#### PROBLEM STATEMENT:
For the entries that follow, set down each one exactly and drop any pictures.

#### EXERCISE MATERIALS:
====================

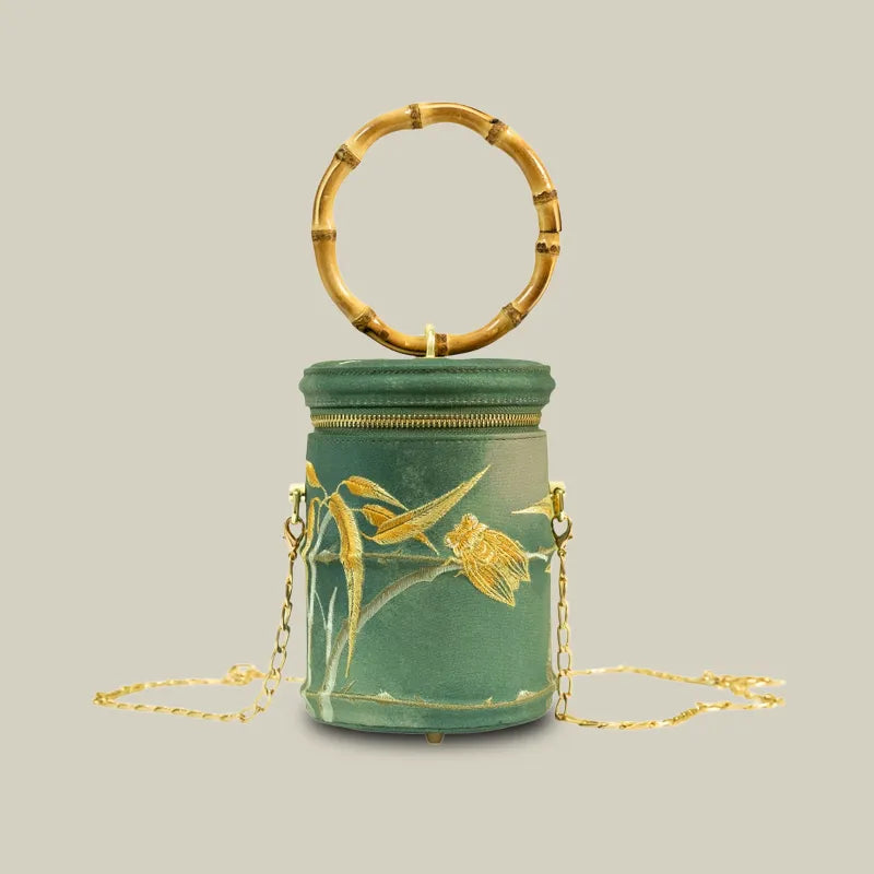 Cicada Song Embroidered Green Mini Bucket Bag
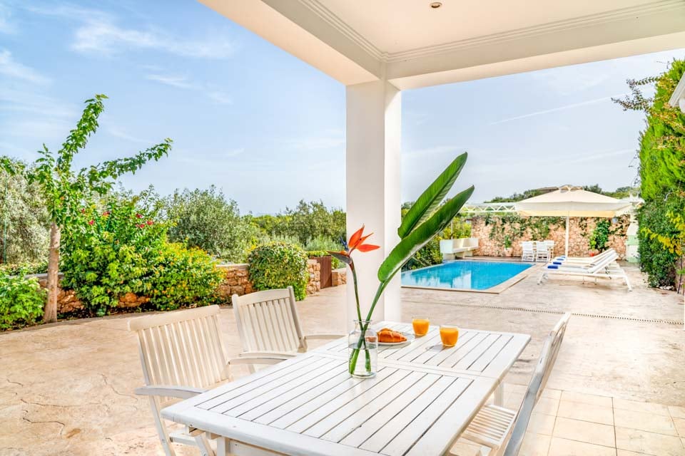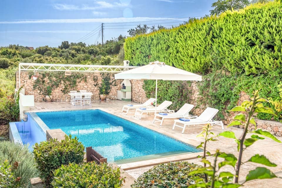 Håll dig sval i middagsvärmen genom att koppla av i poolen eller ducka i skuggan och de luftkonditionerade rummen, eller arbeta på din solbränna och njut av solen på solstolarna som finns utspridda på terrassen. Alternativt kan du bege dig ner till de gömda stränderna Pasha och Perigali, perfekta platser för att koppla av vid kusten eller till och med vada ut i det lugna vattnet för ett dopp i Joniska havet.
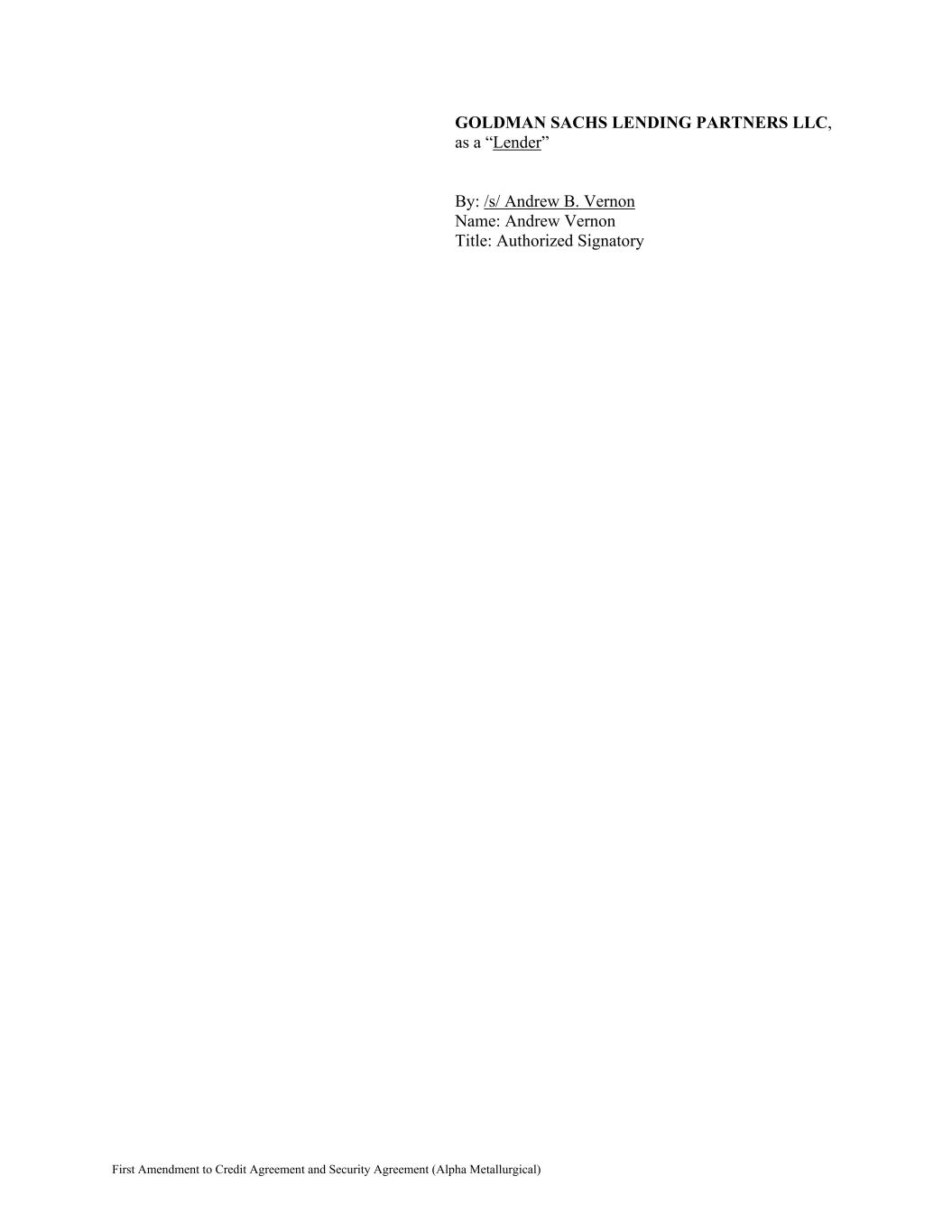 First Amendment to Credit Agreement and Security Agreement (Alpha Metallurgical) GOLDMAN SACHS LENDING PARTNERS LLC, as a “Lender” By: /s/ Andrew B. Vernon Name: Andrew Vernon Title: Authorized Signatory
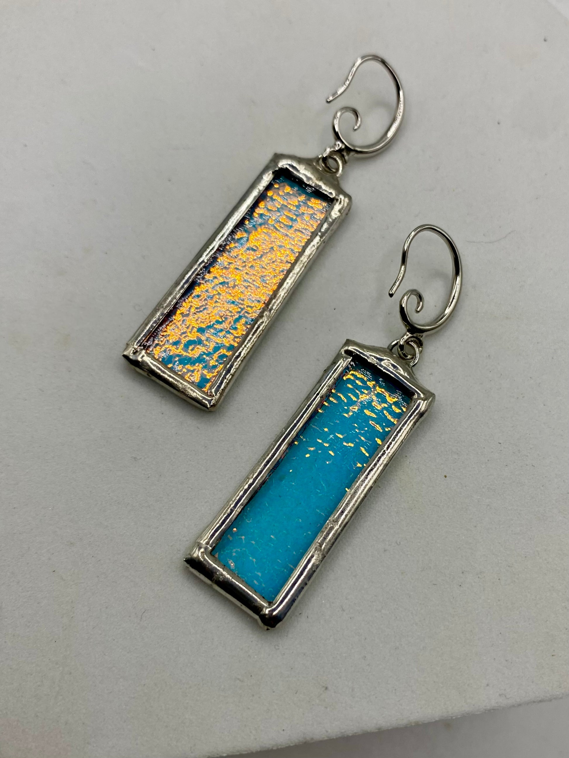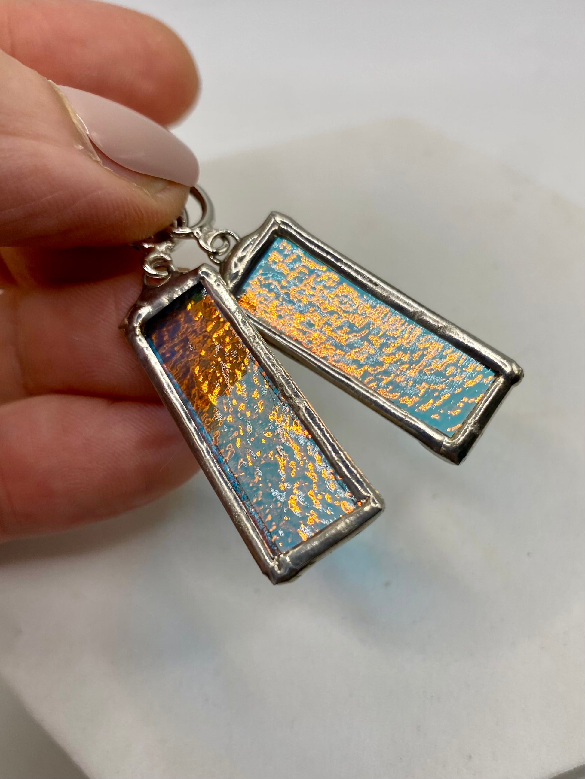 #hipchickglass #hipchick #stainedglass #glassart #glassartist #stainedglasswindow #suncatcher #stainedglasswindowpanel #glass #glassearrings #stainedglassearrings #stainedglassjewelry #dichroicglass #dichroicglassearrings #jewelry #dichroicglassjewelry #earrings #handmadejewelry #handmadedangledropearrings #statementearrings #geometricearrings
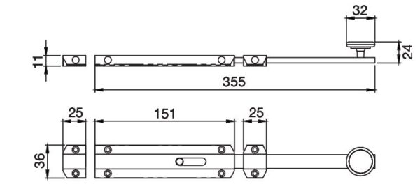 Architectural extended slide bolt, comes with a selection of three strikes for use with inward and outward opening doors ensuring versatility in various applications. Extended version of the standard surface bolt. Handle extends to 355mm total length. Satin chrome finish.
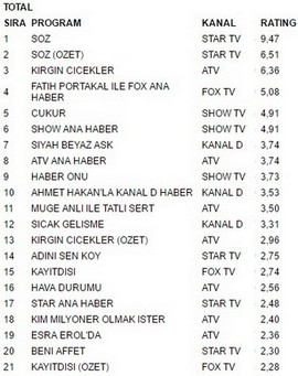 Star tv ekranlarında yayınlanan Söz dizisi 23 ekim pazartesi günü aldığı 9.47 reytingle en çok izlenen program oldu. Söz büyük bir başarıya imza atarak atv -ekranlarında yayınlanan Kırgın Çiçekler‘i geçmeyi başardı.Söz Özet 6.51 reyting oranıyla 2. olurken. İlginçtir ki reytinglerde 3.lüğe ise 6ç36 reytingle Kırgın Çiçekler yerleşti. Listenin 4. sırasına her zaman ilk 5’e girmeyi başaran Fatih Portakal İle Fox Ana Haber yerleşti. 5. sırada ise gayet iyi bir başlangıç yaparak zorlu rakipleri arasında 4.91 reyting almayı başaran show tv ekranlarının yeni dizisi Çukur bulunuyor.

====================

#### WRITTEN RESPONSE:
 Cicada Song Embroidered Green Mini Bucket Bag
 Håll dig sval i middagsvärmen genom att koppla av i poolen eller ducka i skuggan och de luftkonditionerade rummen, eller arbeta på din solbränna och njut av solen på solstolarna som finns utspridda på terrassen. Alternativt kan du bege dig ner till de gömda stränderna Pasha och Perigali, perfekta platser för att koppla av vid kusten eller till och med vada ut i det lugna vattnet för ett dopp i Joniska havet.
 First Amendment to Credit Agreement and Security Agreement (Alpha Metallurgical) GOLDMAN SACHS LENDING PARTNERS LLC, as a “Lender” By: /s/ Andrew B. Vernon Name: Andrew Vernon Title: Authorized Signatory
 #hipchickglass #hipchick #stainedglass #glassart #glassartist #stainedglasswindow #suncatcher #stainedglasswindowpanel #glass #glassearrings #stainedglassearrings #stainedglassjewelry #dichroicglass #dichroicglassearrings #jewelry #dichroicglassjewelry #earrings #handmadejewelry #handmadedangledropearrings #statementearrings #geometricearrings
 Architectural extended slide bolt, comes with a selection of three strikes for use with inward and outward opening doors ensuring versatility in various applications. Extended version of the standard surface bolt. Handle extends to 355mm total length. Satin chrome finish.
 Star tv ekranlarında yayınlanan Söz dizisi 23 ekim pazartesi günü aldığı 9.47 reytingle en çok izlenen program oldu. Söz büyük bir başarıya imza atarak atv -ekranlarında yayınlanan Kırgın Çiçekler‘i geçmeyi başardı.Söz Özet 6.51 reyting oranıyla 2. olurken. İlginçtir ki reytinglerde 3.lüğe ise 6ç36 reytingle Kırgın Çiçekler yerleşti. Listenin 4. sırasına her zaman ilk 5’e girmeyi başaran Fatih Portakal İle Fox Ana Haber yerleşti. 5. sırada ise gayet iyi bir başlangıç yaparak zorlu rakipleri arasında 4.91 reyting almayı başaran show tv ekranlarının yeni dizisi Çukur bulunuyor.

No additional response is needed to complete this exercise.